Я похолодел, и против воли дернулся в железных лапах амбалов. Неужели…

– Вот что мне всегда не нравилось в российской интеллигенции, так это излишняя чувствительность, – наблюдая за мной, растянул губы в довольной улыбке наш гостеприимный хозяин, – Даже когда вы, господин Семенов, пошли на большой риск, непрошеным явившись в мои владения, что, безусловно, говорит в вашу пользу, излишняя чувствительность заставила вас зарядить пистолет всего лишь усыпляющими ампулами. Только не пойму, зачем вы все-таки автомат прихватили? Ведь убить человека вам также трудно, как переплыть Ла-Манш. Отпустите его. Да-да, Палыч, ты не ослышался. Пускай твои ребята его отпустят и отойдут на два шага. Вот так.

И, мурлыча про себя что-то торжественное, Сорокин швырнул к моим ногам пистолет одного из телохранителей.

– Ну, что же вы стоите, Игорь Владимирович? Он заряжен, даю слово. Теперь у вас есть прекрасная возможность проделать во мне дырку, – улыбнулся он, во всю наслаждаясь спектаклем, – Чего же вы ждете?

Разумеется, он знал, что у меня хватит ума не воспользоваться его предложением, и потому спокойно стоял, не обращая внимания на протестующий ропот братков.

– Не вижу достойной причины, дырявить такой хороший костюм, – как можно спокойнее постарался ответить я, не двигаясь с места.

– А теперь есть? – елейным голосом поинтересовался депутат, приставляя другой пистолет к голове Дениса, – Как на счет спасения жизни сына? Эту причину вы сочтете достойной?

Не может быть! Он не посмеет! Иначе все его старания выжать из меня необходимые сведения, пойдут прахом. Неужели он не видит этого? Да, нет же! Прекрасно видит. Но продолжает ломать комедию. Ему почему-то очень хочется смешать меня с грязью на глазах у сына. Ведь если я сейчас ничего не предприму, Денис просто-напросто перестанет считать меня отцом. Проклятый юношеский максимализм не позволит ему понять одну простую вещь: Сорокин играет нами как сытый кот, и все его угрозы гроша ломанного не стоят. Ну, что ж, в таком случае, и я сыграю! Я не могу убить его, не подписав тем самым смертный приговор себе и сыну, а вот напугать… Вряд ли мне позволят даже поднять пистолет, тем боле выстрелить, но, быть может, я сумею доставить Сорокину несколько не слишком приятных мгновений.
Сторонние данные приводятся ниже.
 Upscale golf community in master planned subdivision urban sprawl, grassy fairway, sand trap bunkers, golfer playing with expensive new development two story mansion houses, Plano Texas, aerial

И, призвав на помощь всю свою ненависть к этому человеку, я постарался придать своему лицу выражение яростной обреченности, к которой был на самом деле опасно близок. А потом, стремительно нагнувшись, подхватил пистолет и одним прыжком оказался возле оторопевшего Сорокина. Все произошло так быстро, что никто не успел мне помешать, а пистолет, зажатый в моей руке, уже уперся в депутатские ребра. Даже я поразился собственной прыти. Если бы мне взбрело в голову действительно лишить жизни известного бизнесмена и мецената, лучшей возможности трудно было бы желать, но… Но это в мои планы не входило. И, тем не менее, я получил несказанное удовольствие, наблюдая, как страх стремительным потоком вливается в его холодные рыбьи глаза. Секунду, целую секунду я наслаждался, а потом провалился в кровавый туман.
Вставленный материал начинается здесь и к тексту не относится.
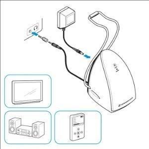The RS 120 RF (radio frequency) wireless headphone lets you enjoy sound without the cumbersome cables associated with traditional headphones. This system features a lightweight on-ear headphone that receives sound from a transmitter base when connected to an analog output of any audio source (like a TV, sound system or computer). The sound quality is Sennheiser; detailed and balanced with good clarity and bass response. These lightweight headphones, featuring a padded headband for comfort are ideal for long listening or TV watching sessions.

А-у-о-э-ы… Из невозможной дали до меня доносились какие-то звуки, которые я с большим трудом складывал в слова.

– Я же приказал не бить по голове!

– Но Дмитрий Александрович! Он же вас чуть не застрелил!

– А ты, Палыч, куда смотрел? Кажется, твоя обязанность меня охранять?

– Да этот козел так рванул, я и глазом моргнуть не успел…

– Если в следующий раз не успеешь моргнуть, останешься без глаза. Понял?

– Обижаете, Дмитрий Александрович. Больше не повториться! Ах, ты, падла! (это уже мне). Сейчас ты у меня попляшешь!

– Да, погоди ты его пинать, пусть очухается.

– Кажись, очухался…

Я с усилием приоткрыл глаза и узрел склонившегося надо мной предводителя секьюрити.

– Точно, очухался. Что будем с ним делать, босс?

– Учить. Думаю, четверых учителей ему за глаза хватит. А ты, Денис, смотри, какой печальный финал имеют почти все героические поступки. Осторожно, Палыч, голову не задень! Да, не убей ненароком, он нам пока живой нужен. Видишь, Денис? Предупреждаю, если ты попытаешься сбежать, то твоему отцу придется пройти через это еще раз. А потом еще. Сколько попыток к бегству ты совершишь, столько раз он будет за тебя расплачиваться. Все, достаточно. Хватит, я сказал!

Что-то слишком часто мне стало доставаться в последнее время; боюсь, как бы это не вошло в привычку. Не пойму только, с какой стати я начал, как магнит, притягивать к себе неприятности? Наверное, – карма, как сказал бы один мой знакомый экстрасенс.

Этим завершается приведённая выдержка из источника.